`Mommmmmyyyyyy, I want a friend to come over and play.”
My daughter’s request seems simple enough. But it is Saturday morning at 9, and I know the odds. About one in a thousand.
We have committed the cardinal social sin of not booking ahead. Still, with the vision of playing 48 consecutive hours of Barbie dolls looming before me, I give it my best shot.
I call friends from her 2nd-grade class. I call friends from last year’s 1st-grade class. I retrieve a crumpled piece of paper from my phone book with the numbers of kids from her preschool. We try to remember what they were like and call them too.
Nearly 45 minutes of rejected invitations later, the situation is exactly what I had expected. Every 7-year-old in North America already has a play date. This play date has been booked one to three weeks in advance and, in the case of a few far-thinking mothers, while they were still pregnant.
Between these advance reservations and schedules clogged with karate, soccer, ballet, piano lessons and so forth, spontaneous arrangements have become extinct. That’s spontaneous defined as my daughter’s banging on a friend’s door and asking if she wants to come out and make a snow angel.
Play date. The very phrase is absurd. Play is a child’s muse; the sudden inspiration to construct King Arthur’s castle or launch a lemonade stand on a summer afternoon are not things that can be scheduled on a “Week-at-a-Glance” calendar.
When I was growing up, it felt like my unalienable right to run next door to Hope Needleman’s to play whenever the spirit moved me. I always planned my visit for lunch time, remembering her mother’s excellent grilled cheese sandwiches, exotically cut on the diagonal.
And you could always pick up a game of Doctor four doors down at Susan Marcus’ house. That is until her mother discovered all the kids on the block deshabille in the basement and closed down Susan’s practice.
I don’t believe my mother ever made a single phone call in my behalf. But I have become my 7-year-old’s social secretary, a task I do not enjoy. I used to let her make her own plans. But she was much too casual about it.
“Hi, Samantha, I was wondering if you can come over and play?” she would ask. Then if Samantha were busy, she would simply say goodbye and hang up.

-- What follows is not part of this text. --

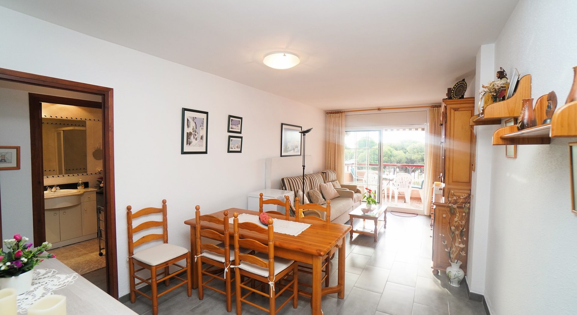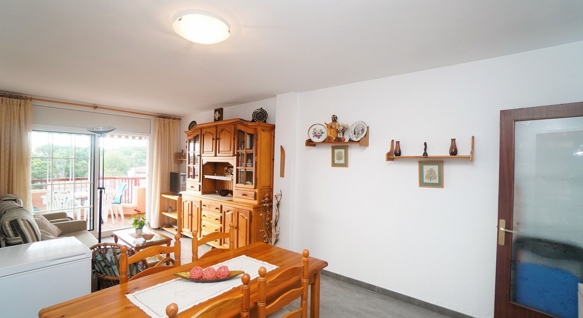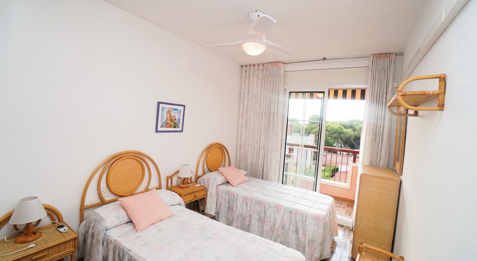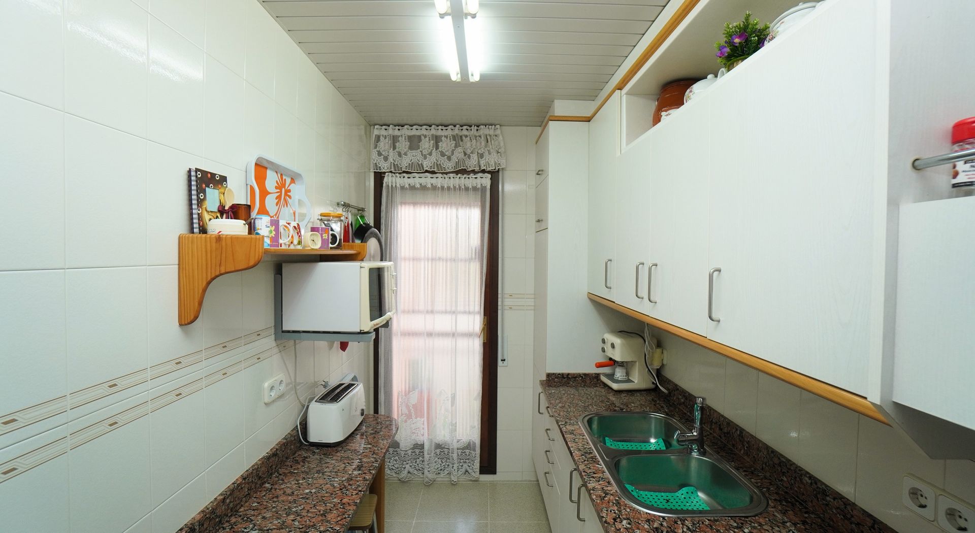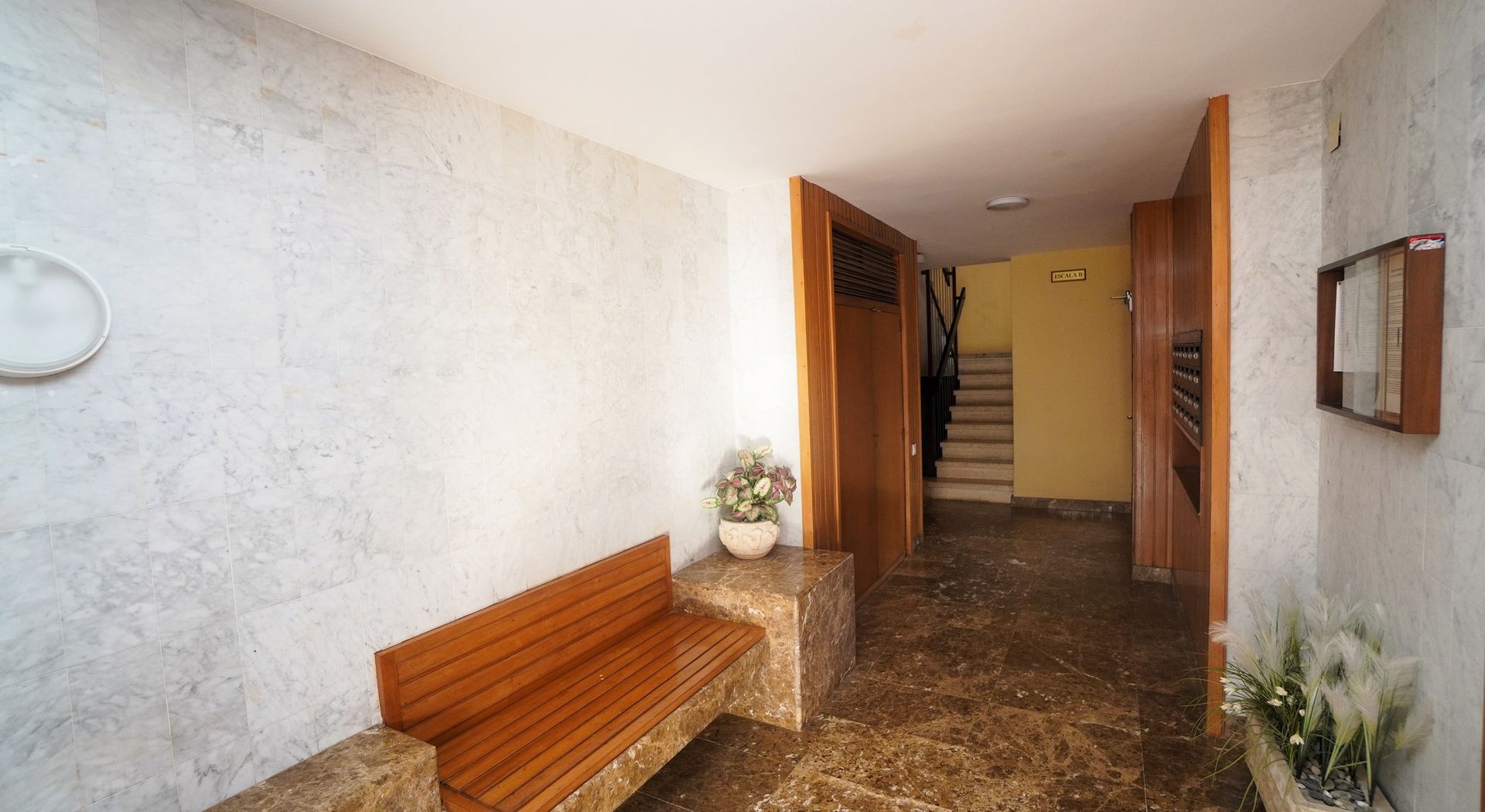 Orientación Sur y con 69 m2 que se distribuyen de la siguiente manera: recibidor, salón comedor, cocina independiente, dos habitaciones dobles con armarios empotrados y terraza a la que se accede desde el salón y desde la habitación principal. El edificio está en perfecto estado de conservación y en su amplia zona comunitaria se puede aparcar. Dispone de zona de duchas para cuando vengas de la playa. La finca no tiene ascensor.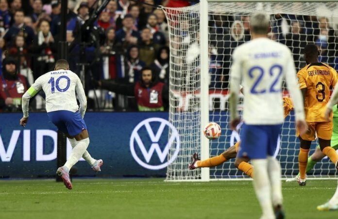 Στο Παρίσι οι «μπλε» βρήκαν απέναντί τους μία αποδεκατισμένη απ’ τις ιώσεις Ολλανδία (απουσίασαν πέντε βασικοί παίκτες) και δεν τη… λυπήθηκαν. Πριν καν συμπληρωθεί μισή ώρα αγώνα, οι Γάλλοι είχαν τελειώσει τη «δουλειά» με τα γκολ των Γκριεζμάν (3′), Ουπαμεκανό (8′) και Μπαπέ (21′) κι ακολούθως έκαναν… συντήρηση δυνάμεων, για να ολοκληρώσουν τη θριαμβευτική βραδιά τους με το 38ο γκολ του Μπαπέ με την Εθνική Γαλλίας στο 88ο λεπτό. Στο 5ο λεπτό των καθυστερήσεων ο Μενιάν απέκρουσε πέναλτι του Ντεπάι, ο οποίος έχασε την ευκαιρία να σημειώσει το γκολ της τιμής για τους «οράνιε».

“Did you ask her about tomorrow? What about Wednesday? What about next week?” I demanded like a harpy. This was serious business. I grabbed the phone list.

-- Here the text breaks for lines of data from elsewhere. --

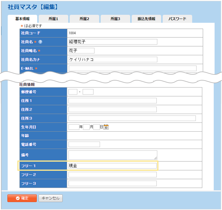 ※表示される入力欄「フリー1~3」は、「社員マスタ」の「フリー1~3」と連動しています。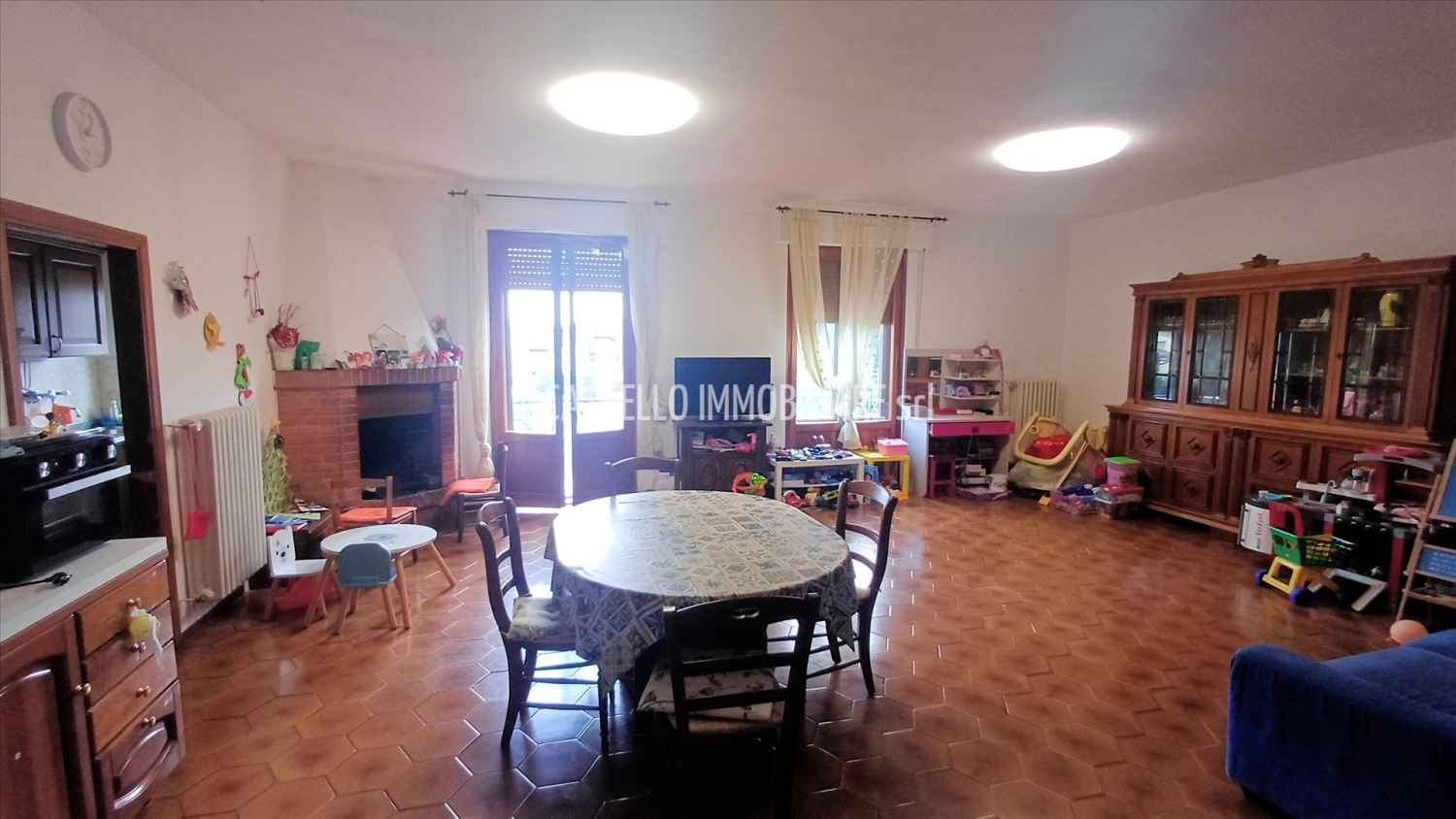 Sarteano (si), alla quota di 573 m s.l.m. Ed a 6 km dal casello autostradale a1 di chiusi/chianciano terme, vendesi appartamento al primo ed ultimo piano di un fabbricato comune con pochi altri, avente accesso indipendente e disponibilità del resede comune. Posizione comodissima a due passi dal centro del paese. Luminoso e con vista panoramica dalla grande terrazza, affaccio prevalente verso sud/est. La superficie catastale complessiva commerciale dell'immobile è di circa mq 210 (in considerazione dell'appartamento di mq 198 e del magazzino (alto e finestrato) al piano seminterrato di mq 23 con sottoscala. l'appartamento dispone di accesso da scala privata di accesso al primo piano, balcone, ingresso, grande soggiorno di oltre 40 mq con doppia porta / finestra e caminetto, balcone e terrazza abitabile (di circa mq 30), cucina con dispensa, camera matrimoniale, bagno con doccia, disimpegno, due camere matrimoniali, bagno con vasca, stanza pluriuso (ora usata come sgombero e lavanderia), altra camera matrimoniale o studio avente secondo accesso autonomo dal retro attraverso un diritto di passo su scale e pianerottolo esterni della proprietà adiacente. Secondo le necessità si possono ricavare fino a 6 camere matrimoniali. La soffitta ha accesso da botola retrattile sul solaio del corridoio.al piano seminterrato, scendendo la stessa rampa di scale privata, dispone di un sottoscala per ripostiglio e di un magazzino (collegato all'autorimessa, vendibile a parte, tramite una porta), inoltre nell'androne comune delle autorimesse dispone anche di una cantina / ripostiglio a doppia altezza.facile possibilità di parcheggio nei dintorni del fabbricato, grazie anche ad un parcheggio pubblico adiacente. L'appartamento fa parte di un immobile che è stato costruito agli inizi degli anni '70, poi ristrutturato e suddiviso in appartamenti, oggi ancora in condizioni abitabili. L'appartamento è dotato di impianto autonomo di riscaldamento a metano (con radiatori in ghisa e tubazioni in rame. La zona è coperta da fibra. Le finestre sono in legno di abete di douglas, con vetri semplici e doppio infisso in alluminio anodizzato. Le tapparelle avvolgibili sono in pvc. La pavimentazione di tutto il piano risulta in ceramica monocottura. Richiesta euro 265.000 trattabili. (classe energetica: g e ipe > 300 kwh/m2anno). (possibilità di acquistare a parte anche una autorimessa di mq 29 al prezzo di euro 25.000 e una porzione di giardino esclusiva della superficie di mq 620 al prezzo di euro 38.000 il tutto visibile nella sezione delle fotografie e con ottima predisposizione alla trattativa !) rif. Ap930.
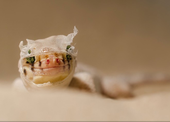 | Con thằn lằn có tên khoa học Teratoscincus roborowskii đang lột da ở Terrarium, Ulm, Đức. Ảnh: National Geographic |

The job requires some finesse. One can’t seem too anxious or too available. I swear I once spoke to a mother who sounded positively smug that her daughter was busy for the next two weeks and mine wasn’t.
Then there is the matter of reciprocity. I seem to be issuing a disproportionate number of invitations compared to those we receive. It feels uncomfortable, but a friend who experiences the same phenomenon with her 6-year-old son in New York, reminds me that many mothers are simply overwhelmed by the demands of their multiple young children. Since I have only have one, I’ll cut them some slack.

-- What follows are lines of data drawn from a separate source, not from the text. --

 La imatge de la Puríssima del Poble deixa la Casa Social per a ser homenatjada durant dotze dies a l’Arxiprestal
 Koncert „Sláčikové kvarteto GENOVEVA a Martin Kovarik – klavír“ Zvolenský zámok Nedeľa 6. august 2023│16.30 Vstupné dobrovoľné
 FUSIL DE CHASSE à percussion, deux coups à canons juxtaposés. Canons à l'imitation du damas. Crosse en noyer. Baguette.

Except for an occasional kid on a bike or in-line skater speeding by, our streets are empty. Even a block away at the park, there are never more than a couple of kids on the swings.
These are different times from when I grew up. I know it’s no longer safe to allow children to rove unwatched. But I would be happy to park myself on the porch and to keep an eye on the neighborhood gang — if only there were one.
Without ever really having had them, my daughter misses neighborhood friends. When we play dolls, she always directs a drama in which a new best friend moves in next door.
For a few golden weeks it appeared her dream had been realized. A little girl did move in across the street. She and my daughter raced to each other’s house to play for five minutes or five hours and ride bikes up and down the block. The screen door banged with regularity. It was like music.
But then the girl began camp and virtually disappeared. After trying to make arrangements with this child’s mother every day for a week, I gave up. My daughter and I mourned the loss.